July natural gas was set to open a couple pennies lower Wednesday morning as the market continued its search for signs of the onset of summer cooling demand. Overnight oil markets were down.
The overnight decline came after a 17-cent drop Tuesday that saw July settle at $3.145. Traders factored in a cooler medium-term forecast and estimates showing strengthening production over the weekend.
“The entire forward curve was down with the front underperforming the back after cooler weather forecasts in the eight- to 14-day period and slightly looser supply/demand balances,” wrote NatGasWeather.com in a morning note to clients. “More than the real impact of losing a few [cooling degree days], what scares the market right now is the potential absence of hot weather during the summer period, which has yet to start.”
NatGasWeather.com estimated that U.S. Lower 48 production averaged a little under 72 Bcf/d over the weekend “before reaching 71.2 Bcf/d on Monday and 71.5 Bcf/d [Tuesday], the highest multi-day average value for the year…With Mexican export at 4.1 Bcf/d and LNG [liquefied natural gas] export at 1.7 Bcf/d, the balance, although loosening, should provide a floor to any huge collapse unless we were to witness a sizeable production recovery.”
Natural gas analytics firm Genscape Inc. estimated weekend production exceeding 72 Bcf/d, just the second time its production estimate has surpassed that threshold since early March.

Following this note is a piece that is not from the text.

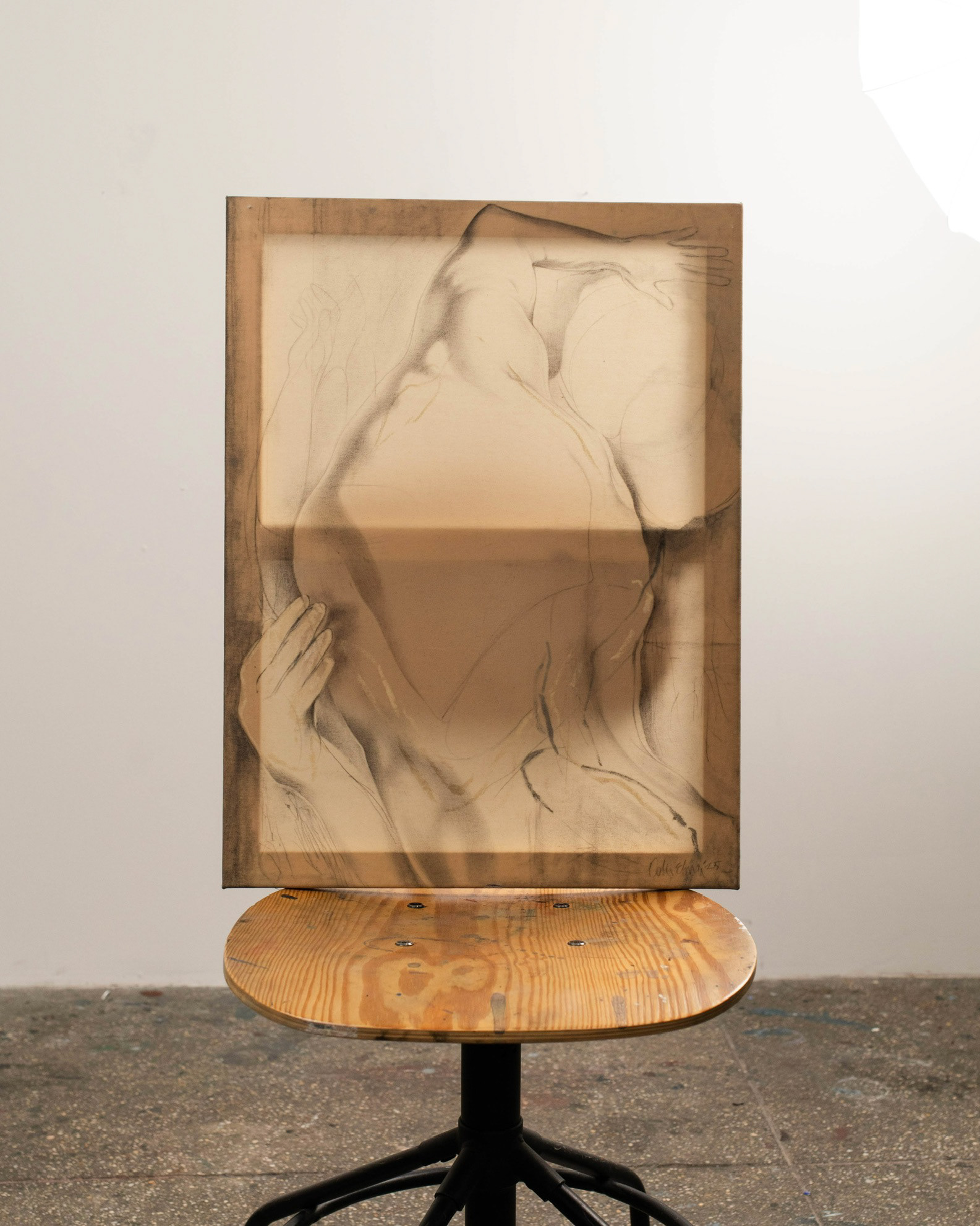 Graphite and pastel on waxed canvas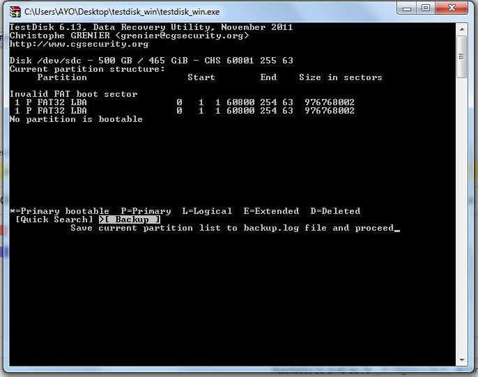 17 Pero el mismo programa advierte en la siguiente pantalla de que el Boot Sector (de mi disco) tiene un "status:Bad" mientras que el "Backup boot sector status está OK". Es decir que hay algo que no es coherente.

“On Friday…estimated production for the Northeast set a new record high at 23.14 Bcf/d, and regional volumes stayed above 23 Bcf/d through the weekend,” Genscape said in a note to clients. “Production has been on the rise in each of the Northeast subregions, but West Virginia’s volumes on the 26th were record high. Gulf region production hit a 70-day high with gains offshore and in North Louisiana.
“Maintenance season is still very much in effect…so the daily production numbers will continue to be volatile.”
The bears still have some work to do after yesterday’s losses, according to Brian LaRose of ICAP Technical Analysis.
“Starting to see evidence of a major trend shift throughout the forward curve,” LaRose told clients Wednesday morning. “Only problem is, flat price is still above critical support at $3.106-$3.084-$3.064. So bears are not out of the woods just yet. Take out support, then we can label $3.431 as the top of a spring-to-summer advance and focus on our targets for a summer-to-fall decline.
“Hold support instead and we will be forced to reconsider $3.431 as the top tick.”